"You Want To Play Chicken? Let's Play Chicken" Maine Governor Threatens Shutdown Over Proposed Tax Hike

Connecticut isn’t the only state in New England that’s facing a budget showdown today. As Reuters reports, Maine is bracing for a possible partial government shutdown on Friday – what would be the first in the state since 1991 - as Republican Governor Paul LePage has warned he will reject any budget deal that does not cut income taxes.

LePage, a second-term Republican who faced national scrutiny and calls to resign earlier this year after making an allegedly racist comment about out-of-state drug dealers worsening the heroin epidemic in Maine, said he would declare a state of civil emergency if a budget is not reached by midnight, which would keep state police, prisons, parks and tax collection services but close most other aspects of state government, according to Reuters.

"I will tell you this: If they put a tax increase, ready for a shutdown. End of story," LePage said in a Thursday interview on Maine's WGAN radio. "They're playing chicken at 100 miles per hour and I'm telling you something, you want to play chicken, let's play chicken."

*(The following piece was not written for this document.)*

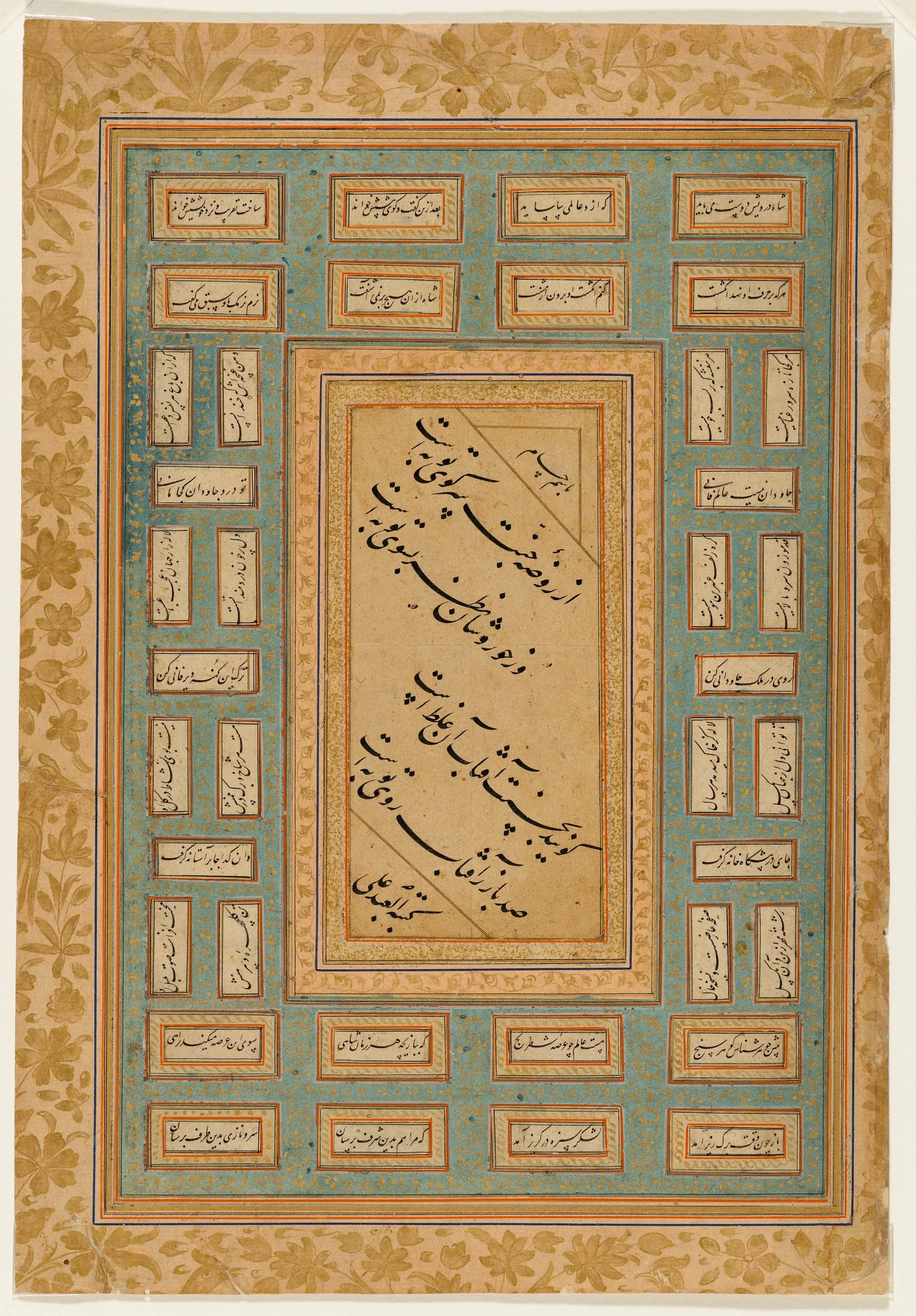 This album page features verses of Persian poetry, including love poetry written in a script known as nasta‘liq. First developed in Iran in the fourteenth century, nasta‘liq is a modification of the cursive naskh script, in which letterforms are smoothed and elongated and successive words are stacked atop one another, appearing suspended. By the fifteenth century, nasta‘liq became the principal calligraphic script used in regions where Persian was the primary literary language, including Iran, Central Asia, and Anatolia.

The conflict at the center of the budget showdown is the issue of funding the state’s schools, as Reuters explains.

“Legislators are negotiating a roughly $7 billion two-year budget, with the main sticking point being how to fully fund state schools. Voters in November passed a measure imposing a 3 percent income tax on state residents who earn more than $200,000 a year, a measure the governor and statehouse Republicans object to.


The Democratic Speaker of the state House of Representatives, Sara Gideon, has blasted the threat of a shutdown, saying earlier this week, "We must find a path forward and close this budget."

Maine state law gives the governor 10 days to respond to any budget passed by the legislator. LePage warned on Thursday he planned to wait that long before vetoing any budget that raised taxes. Most of the government would be shut during that time.”


Delays this year in negotiations leave the state, with a heavily tourist-dependent economy, facing the prospect of a partial government shutdown at the start of the long July 4 holiday weekend.”

Concerned about the potential impact of a shutdown, a local advocacy group is preemptively suing the state in federal court, seeking an order that would ensure that public assistance payments continue uninterrupted to the 450,000 people in the state, about one in three residents, who receive them.

To be sure, the stakes in Maine’s budget battle aren’t nearly as high as Connecticut’s. The nutmeg state has yet to pass a fiscal 2018 budget, and the deadline is Friday. Connecticut has the distinction of the third-worst ratings in the country, only behind Illinois and New Jersey after S&P, Moody's and Fitch all downgraded the state last month in what officials described as a "call to action" for state leaders.

“We’ve been downgraded by everybody in the last six months, and in the last year two or three times,” Senate Republican President Len Fasano said cited by Fox news. “If we don’t pass a budget, I think we will see a further downward spiral.”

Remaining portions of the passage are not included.